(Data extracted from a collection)
<<<<

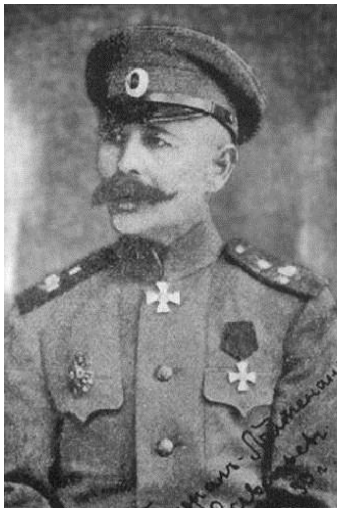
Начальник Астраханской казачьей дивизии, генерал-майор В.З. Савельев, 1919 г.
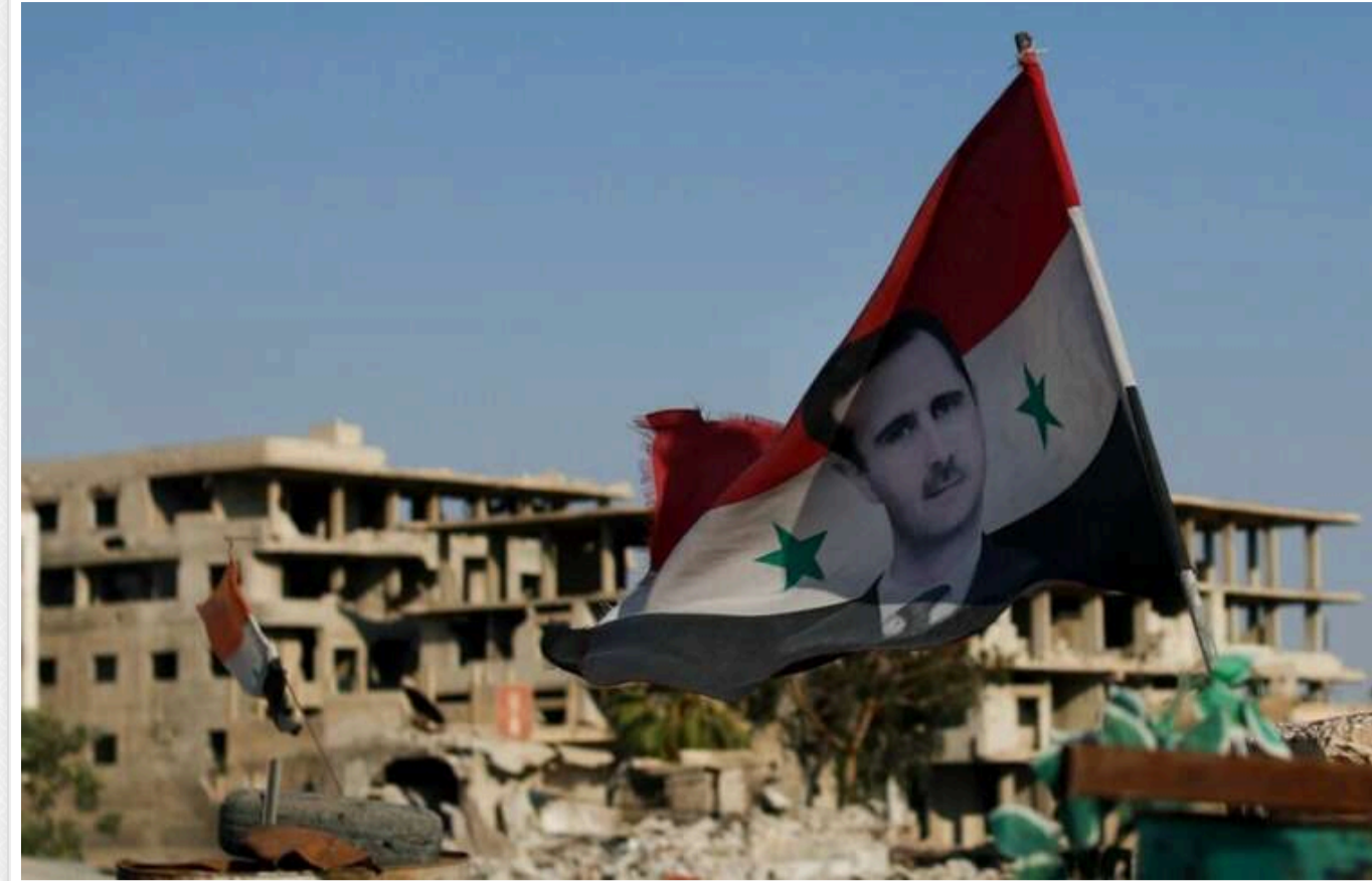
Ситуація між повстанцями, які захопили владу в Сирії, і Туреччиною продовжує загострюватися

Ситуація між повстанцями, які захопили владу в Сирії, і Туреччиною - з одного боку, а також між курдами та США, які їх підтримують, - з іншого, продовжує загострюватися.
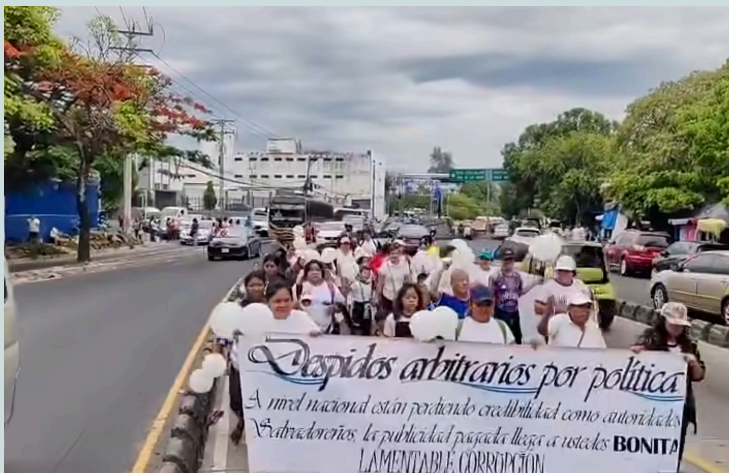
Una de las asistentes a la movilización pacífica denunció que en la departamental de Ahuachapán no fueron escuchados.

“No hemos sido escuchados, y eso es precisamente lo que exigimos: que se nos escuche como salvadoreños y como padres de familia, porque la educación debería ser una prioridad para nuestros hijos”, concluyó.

>>>>

**Directions for this task:** Exactly as written, give the entries above again, with no images.

**Result of this exercise:**
Начальник Астраханской казачьей дивизии, генерал-майор В.З. Савельев, 1919 г.
Ситуація між повстанцями, які захопили владу в Сирії, і Туреччиною продовжує загострюватися

Ситуація між повстанцями, які захопили владу в Сирії, і Туреччиною - з одного боку, а також між курдами та США, які їх підтримують, - з іншого, продовжує загострюватися.
Una de las asistentes a la movilización pacífica denunció que en la departamental de Ahuachapán no fueron escuchados.

“No hemos sido escuchados, y eso es precisamente lo que exigimos: que se nos escuche como salvadoreños y como padres de familia, porque la educación debería ser una prioridad para nuestros hijos”, concluyó.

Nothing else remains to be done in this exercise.